Parallelism Sizing Guidelines
Dense models
| Model size | TP | PP | CP | Strategy |
|---|---|---|---|---|
| < 3B | 1 | 1 | 1 | FSDP2 (DP only) |
| 3-13B | 2-4 | 1 | 1 | FSDP2 + TP |
| 13-70B | 4-8 | 2-4 | 1 | FSDP2 + TP + PP |
| 70B+ | 8 | 4-8 | 1 | FSDP2 + TP + PP |
| Any + long seq (8K+) | as above | as above | 2-8 | add CP |
MoE models
MoE models need less TP than dense models of similar total parameter count because only a fraction of parameters are active per token.
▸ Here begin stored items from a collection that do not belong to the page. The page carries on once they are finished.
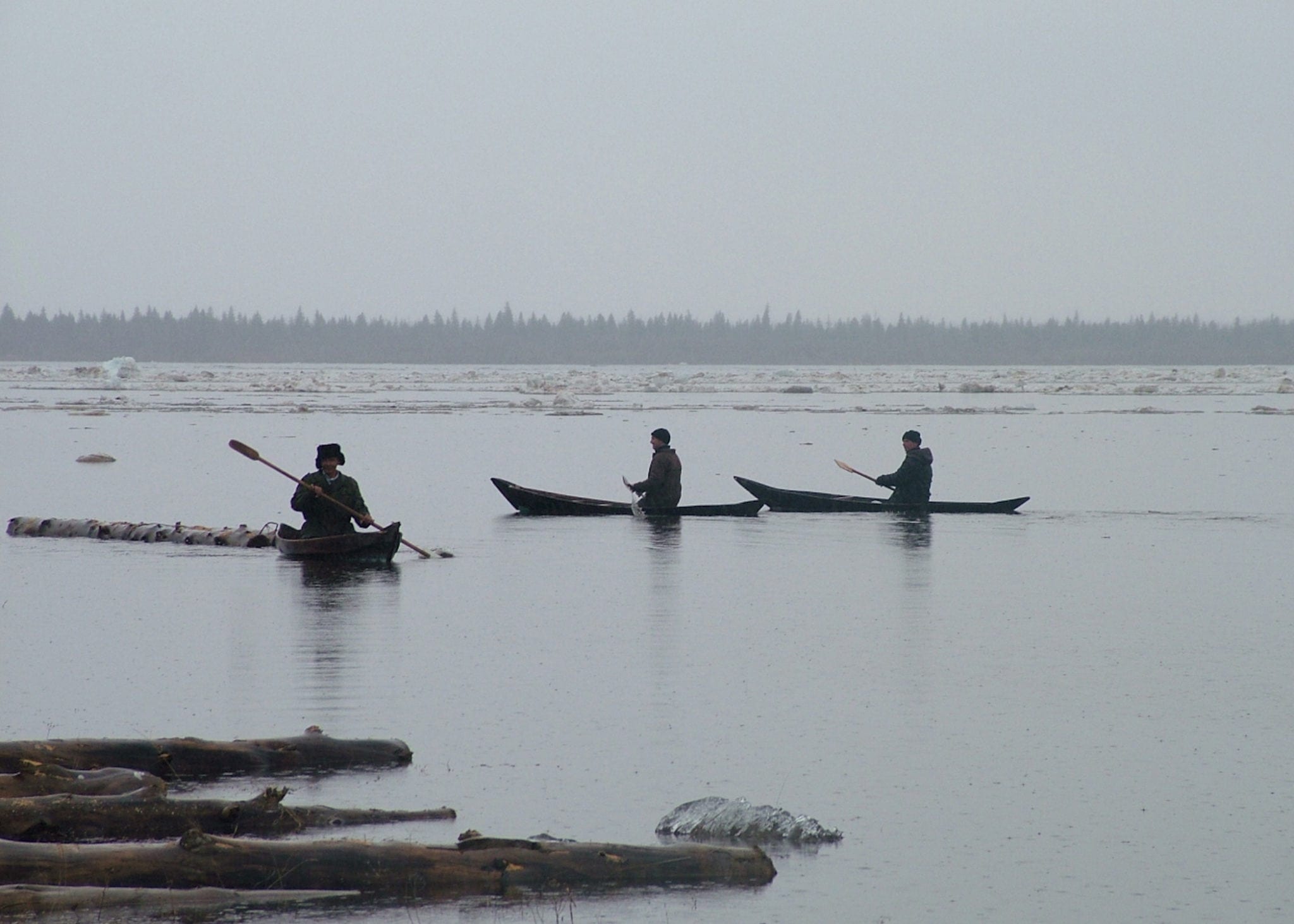 Divided into four seasons, starting with spring and the rumbling thaw of the frozen-solid river that runs beside the tiny village of Bakhtia, the movie focuses on three hunter-trappers virtually indistinguishable behind their beards. We watch as they spend the “warm” months hacking the guts out of enormous trees to make dugout canoes, carving snow skis out of giant logs, and brewing up their own mosquito repellent (a gross-sounding blend of tree tar and fish oil). But this busywork is all prologue. What signifies the worst patch of the year for most people — fall and winter — is their prime time.
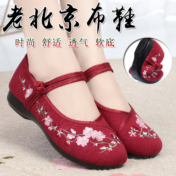 新款老北京布鞋女绣花鞋汉服鞋平底女布鞋防滑透气软底女鞋妈妈鞋
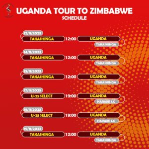 The Uganda tour to Zimbabwe takes a break tomorrow, with the games resuming on Tuesday, November 14, 2023.
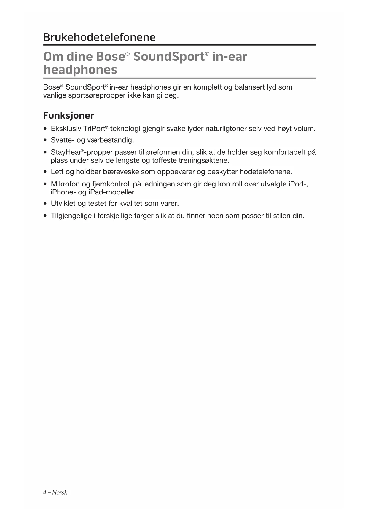 Apple er ikke ansvarlig for hvordan enheten fungerer eller hvordan den overholder sikkerhetsbestemmelser og andre standarder . Vær oppmerksom på at bruk av tilbehøret med iPod, iPhone eller iPad kan påvirke ytelsen til den trådløse tilkoplingen.Bruke hodetelefonene 4 – Norsk Om dine Bose
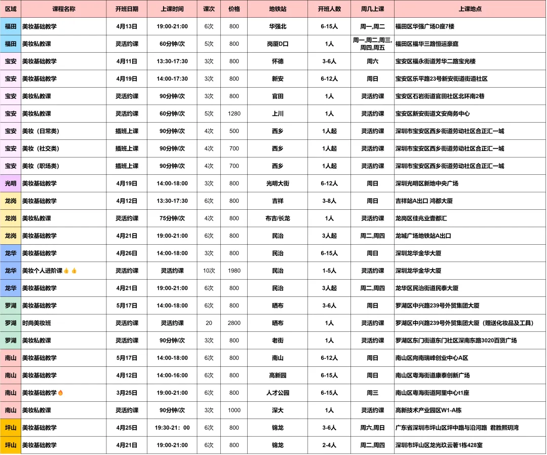 比如你是在福田,想要参与美妆课
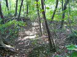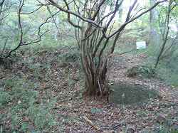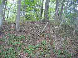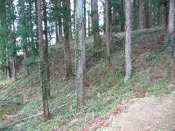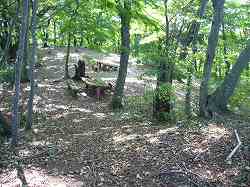 | Aの部分にある堀切状の部分。といっても深さは50cmほどしかなく、これでは堀切とはいえない。浅すぎて写真にするとさっぱり分からない。 | AとBとの間の山頂部分。家一軒建てるほどの広さもなく、ここも郭とは呼べないであろう。 |
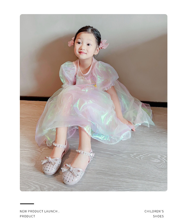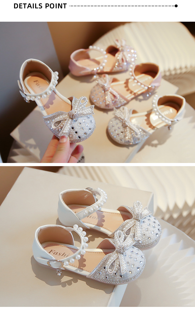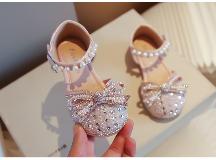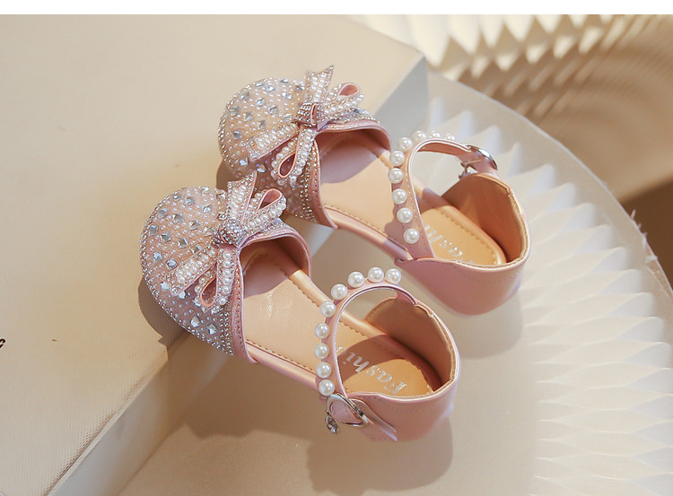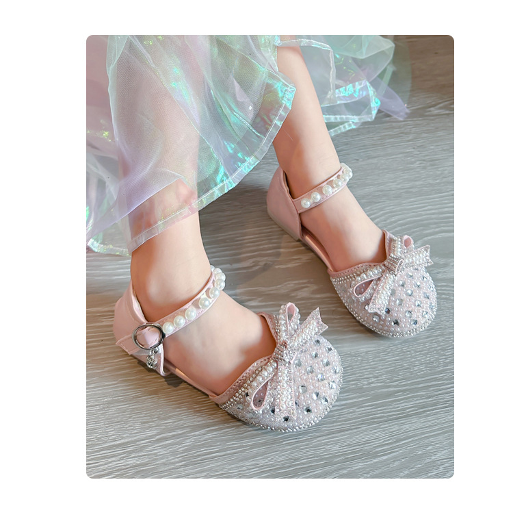 Girls Rhinestone Princess Shoes 2024 Summer New Pearl Bow Shoes Children's Small Medium and Large Children's Half Sandals

EP is the primary scaling dimension:
| Model | TP | PP | EP | Notes |
|---|---|---|---|---|
| Small MoE (<10B total) | 1 | 1 | 8 | EP only |
| Medium MoE (10-30B total) | 1-2 | 1 | 8 | small TP for shared layers |
| Large MoE (100B+ total) | 1-2 | 4+ | 8-64 | PP for depth, EP for experts |
Hardware topology rules
- TP must stay within a single NVLink domain (one node, typically 8 GPUs).
- Use PP or DP for cross-node scaling.
- TP across InfiniBand degrades throughput severely.
Code Anchors
components/distributed/config.py: FSDP2Config, MegatronFSDPConfig, DDPConfig.components/distributed/mesh.py: MeshContext, strategy map, and mesh sizes.components/distributed/device_mesh.py: device mesh andmoe_meshcreation.components/distributed/pipelining/config.py: PipelineConfig fields.components/moe/config.py: MoEParallelizerConfig and MoEConfig.recipes/_dist_setup.py: YAML parsing and distributed setup.
Pitfalls
-
TP across nodes destroys throughput. Always keep TP within a single NVLink domain. Use PP or DP for cross-node scaling.
-
PP requires
_pp_planon the model class. Not all HF models have this. Checkvalidate_hf_model_for_pipeline_support()before enabling PP. -
PP bubbles reduce GPU utilization. Use interleaved schedules (
interleaved_1f1b) and smaller microbatches to reduce bubble time. -
FSDP2 requires DTensor-aware state dict saving. Use
safetensorswithsave_consolidated: truefor checkpoint compatibility. -
CP requires compatible attention. SDPA (Flash Attention or Efficient Attention) or TE attention only.
SDPBackend.MATHis not compatible with DTensor. -
MoE EP size must evenly divide
dp_size * cp_size. The device mesh creation assertsdp_cp_size % ep_size == 0. -
MegatronFSDP is more limited than FSDP2. It does not support PP (
pp_size > 1), EP (ep_size > 1), orsequence_parallel. TheMeshContextvalidation raises on these combinations. -
DDP supports nothing beyond data parallelism. No TP, PP, CP, EP, or HSDP. Validation raises on any of these.
-
Activation checkpointing increases compute. It saves memory by recomputing activations during backward, but adds ~30% compute overhead.
-
Mixed precision policy must match model expectations. The default bfloat16 policy works for most models. FP16 models may need a custom
MixedPrecisionPolicy. -
packed_sequence_sizemust be divisible bycp_sizewhen using CP with packed sequences. -
dp_replicate_sizeis FSDP2-only. Passing it withmegatron_fsdporddpraises aValueError.
Verification
Run the smallest recipe that exercises the requested strategy. Success means exit code 0, finite loss, no NCCL timeout, and log output matching the expected TP/PP/CP/EP sizes.